When evolving software products, we usually have to deal with legacy code. I mean, inherited code that isn’t covered by tests and that can even be difficult to understand. Even the most disciplined teams make mistakes from time to time. In this situation, our first impulse might be to redo the legacy part from scratch, but it is something we should avoid. We mustn’t ignore the risk of introducing new errors or overlooking pieces of code that we do not understand, but that are surely there for something.

So this time I wanted to share with you a tool that has always been very useful to me when dealing with legacy code: characterization tests.

What’s a characterization test

Automated tests are a very important tool, but not only for locating bugs (at least not directly). In general, these tests specify a goal or objective that we would like to achieve or a behavior that we want to preserve. In a natural flow of development, the tests you specify become tests that preserve.

In the case of legacy code, we may not have any tests that support us when making changes, so we have no way of verifying that, by touching something, we are preserving the behaviors we should.

Therefore, the best approach is to first create a safety net around the piece of code that we are going to modify to characterize the current behavior. We will call this a characterization test because it characterizes the actual behavior, not the ideal behavior that would be expected from the code.

Paper, rules and pen
Benjamin Smith on Unsplash

How to write characterization tests

Writing characterization tests is not specially complicated (beyond the added difficulty of testing legacy code). A possible algorithm to write this type of test could be:

  • Take the piece of code you are going to modify and use it in a test environment
  • Write an assertion that fails
  • Let the failure itself tell you what the actual behavior of the code is
  • Change the test so that the assertion corresponds to the current behavior of the code
  • Repeat until you get a suite of tests that makes you feel more comfortable

What we are trying to do is put in place a mechanism that helps us to find bugs later. That is, differences between the current operation of the system and the one it should have. These tests are not intended to document expected behaviors, but rather how the system is actually working.

If we find something unexpected or strange when writing this type of tests, it is important to take note of it. It could be a bug. We can mark that test as suspicious and work to understand if it is an expected behavior or not, and fix it. But we will do it now with the coverage and security of automated tests.

Another important point to keep in mind is that we are not writing black box tests. We can look at the code to try to understand how it behaves and how to characterize it through tests.

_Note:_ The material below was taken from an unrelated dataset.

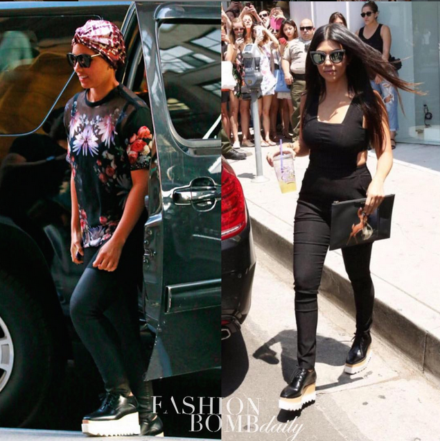 Alicia Keys attended the U2 Concert last night in New York in a Givenchy Floral Collage Print Sheer Silk Top in Black, black pants, and the same $995 Stella McCartney Elyse Platform Brogues beloved by Kourtney Kardashian: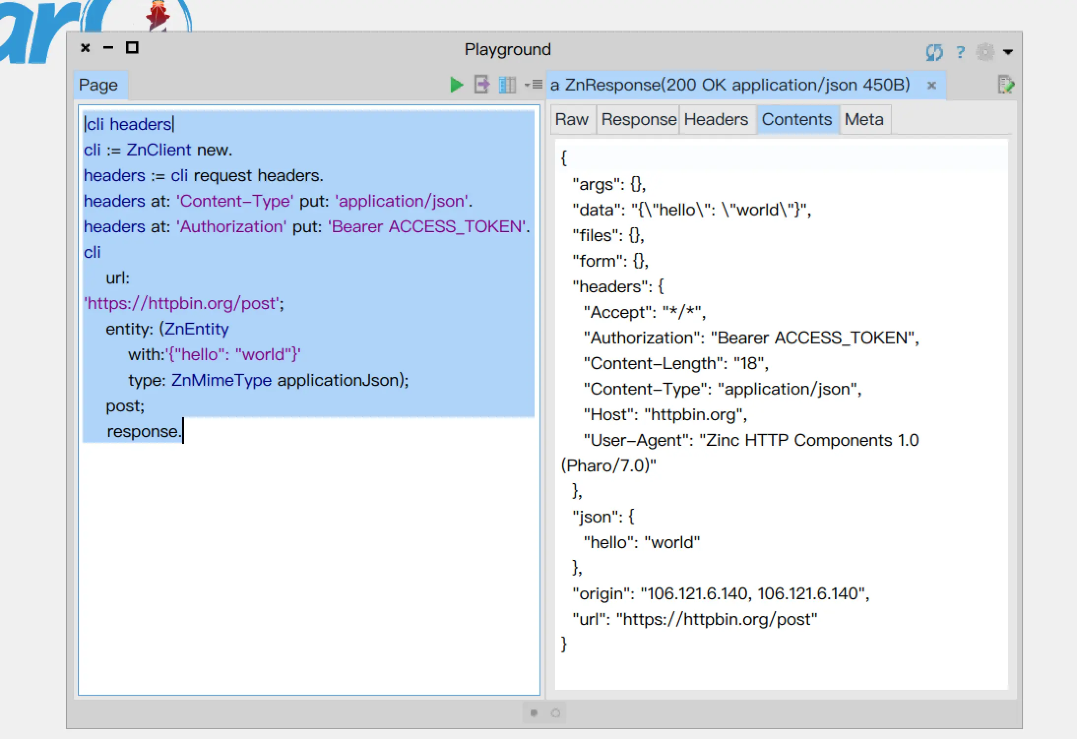 headers at: 'Authorization' put: 'Bearer ACCESS_TOKEN'.

Tips when using characterization tests

Here are also some tips that can help you when deciding what and how to test legacy code:

  • Look for tangled pieces of code. If you don’t understand what a piece of code does, consider introducing sensing variables to help you characterize it. Use them to ensure that certain parts of the code are executed or what results they produce.
  • As you discover the responsibilities of a class or method, look for ways to create tests that force situations in which they might fail.
  • Think of the extreme and outlier values ​​of the inputs.
  • If you find conditions which should be true throughout the life cycle of a class, they are called invariants. Try writing tests to verify them.
  • Write tests for the fragments where you are going to make the changes and write as many cases as necessary until you feel that you understand the behavior of the code.
  • After the previous step, take a look at the specific changes you are going to make and write tests for them.
  • If you are trying to extract or move some functionality, write tests to verify the existence and connection of those behaviors.

Some final words

Dealing with legacy code is always tricky. And, of course, this type of tests only provide a safety net but are not infallible. Still, characterization tests can be of great help to us and prevent us from making changes blindly. Let’s also remember that the goal when dealing with legacy code should be to make it a little better, more manageable, and more protected, but not to redo it all over again.

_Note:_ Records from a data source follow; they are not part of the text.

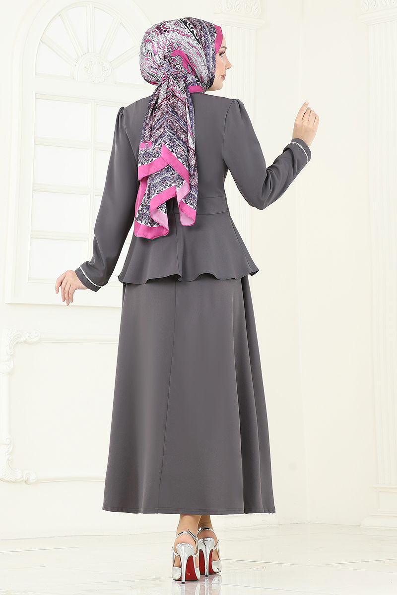 المنتج لديه ياقة بيضوية. غير مبطنة. المنتج به سحاب في جزء من الخلف. يتم لصق الحجارة. المنتج يحتوي على حزام خصر مُخاط. .خصر التنورة مرن قد يكون هناك اختلاف في الدرجة اللونية في المنتج بسبب التقاط الصور الفوتوغرافية.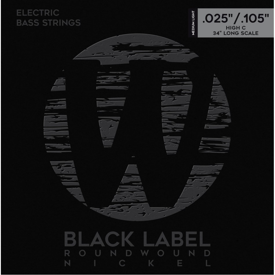 WARWICK 41311 Black Label, Nickel-Plated, Medium Light 5-String High C (25-105)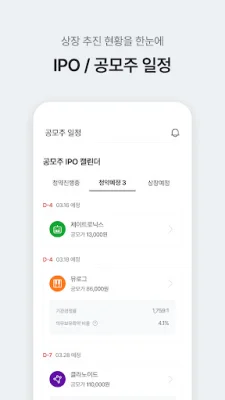 또한 IPO 공모주 정보도 한눈에 확인할 수 있습니다. 심사청구부터 상장까지 모든 상장추진 현황을 확인할 수 있으며, IPO 캘린더를 통해 공모주 청약 일정도 체크할 수 있습니다.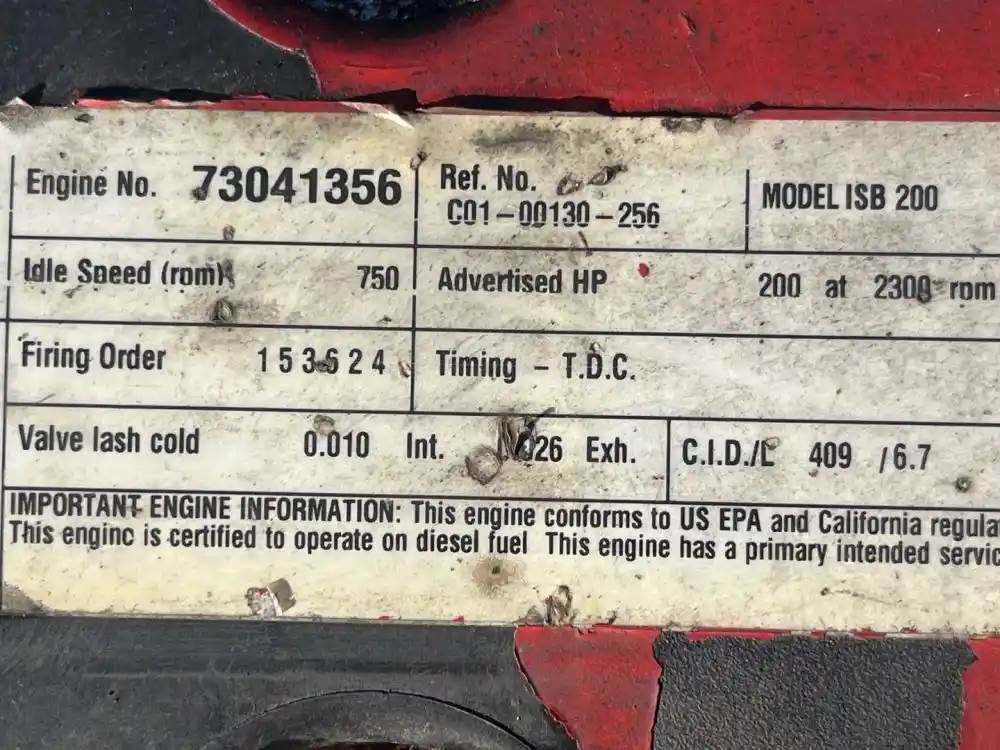 (Used) 2009 Cummins ISB, ENGINE ASSEMBLY- REMANUFACTURED- Family Number: 9CEXH0408BAG, Displacement: 6.7L, Horsepower: 200, Ar.No.CPL: 3389, Serial Number: 73041356, E.C.S: PCM, EGR, Reference images for condition, For more information about this item, give us a call. We ship worldwide! (CRG HEAVY TRUCK PARTS) 929 W PULASKI HWY, ELKTON, MD 21921, Serial#: 73041356, Horse Power: 200, Casting#: 73041356, ARR/CPL: 3389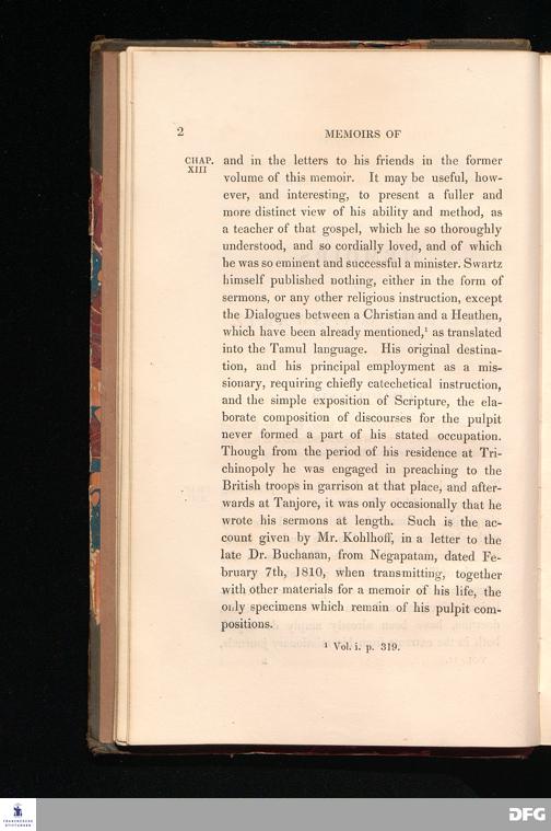 Memoirs of the life and correspondence of the reverend Christian Frederick Swartz. To which is prefixed a sketch of the history of christianity in India.

I have not written a complete example for this case but, if you think it might be interesting, please ask in the comments and I will be happy to prepare it. My main goal was to let you know about the idea of ​​testing what exists and the current behavior (not the expected one). And no matter how badly we set up those tests, they are always better than nothing. In my case, it took me a lot of effort to put them into practice but once you start to get fluent you’ll see the great help and good results they offer.

Last, I wanted to acknowledge all this knowledge to Michael Feathers and his book Working Effectively with Legacy Code. I’ve learnt a lot from this book and I encourage you to take a look at it.

And, as always, I’ll be pleased to listen to your opinions and to read about your own experiences and tips!